TASK DIRECTIONS
From the line containing "This is the" through the last line of the material, copy every line exactly, both ends inclusive; do not copy pictures.

· · · · · · ·

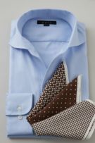 ノーネクタイ専用のややカジュアル度の高い商品でありながら、非常にエレガントなシャツです。
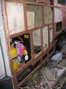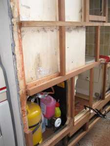 This is the kitchen wall where the lower section is being replaced. |
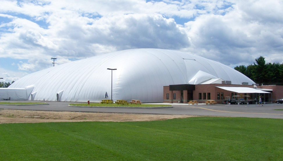气膜体育馆可以实现大跨度的设计,这主要得益于其独特的充气结构。这种结构自重非常轻,可以轻松实现过百米的大跨度。
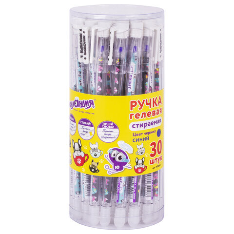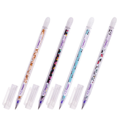 Ручка стираемая гелевая ЮНЛАНДИЯ "Щенята", СИНЯЯ, корпус ассорти, узел 0,5 мм, линия письма 0,35 мм, 143660
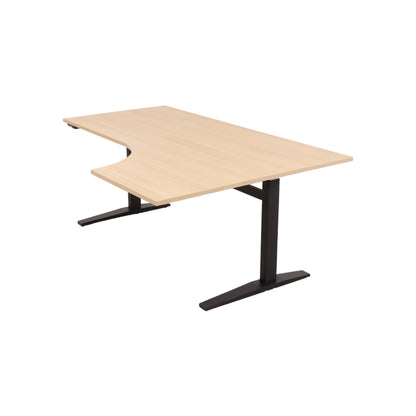 180x120 cm, Elektrisk hev/senk skrivebord med lys treplate og høyresving
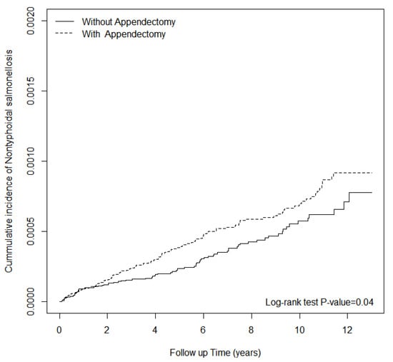 The cumulative incidence of hospitalized NTS infection for patients with and without appendectomy.

· · · · · · ·

SOLUTION TO THE PROBLEM
 This is the kitchen wall where the lower section is being replaced. |
气膜体育馆可以实现大跨度的设计,这主要得益于其独特的充气结构。这种结构自重非常轻,可以轻松实现过百米的大跨度。
 Ручка стираемая гелевая ЮНЛАНДИЯ "Щенята", СИНЯЯ, корпус ассорти, узел 0,5 мм, линия письма 0,35 мм, 143660
 180x120 cm, Elektrisk hev/senk skrivebord med lys treplate og høyresving
 The cumulative incidence of hospitalized NTS infection for patients with and without appendectomy.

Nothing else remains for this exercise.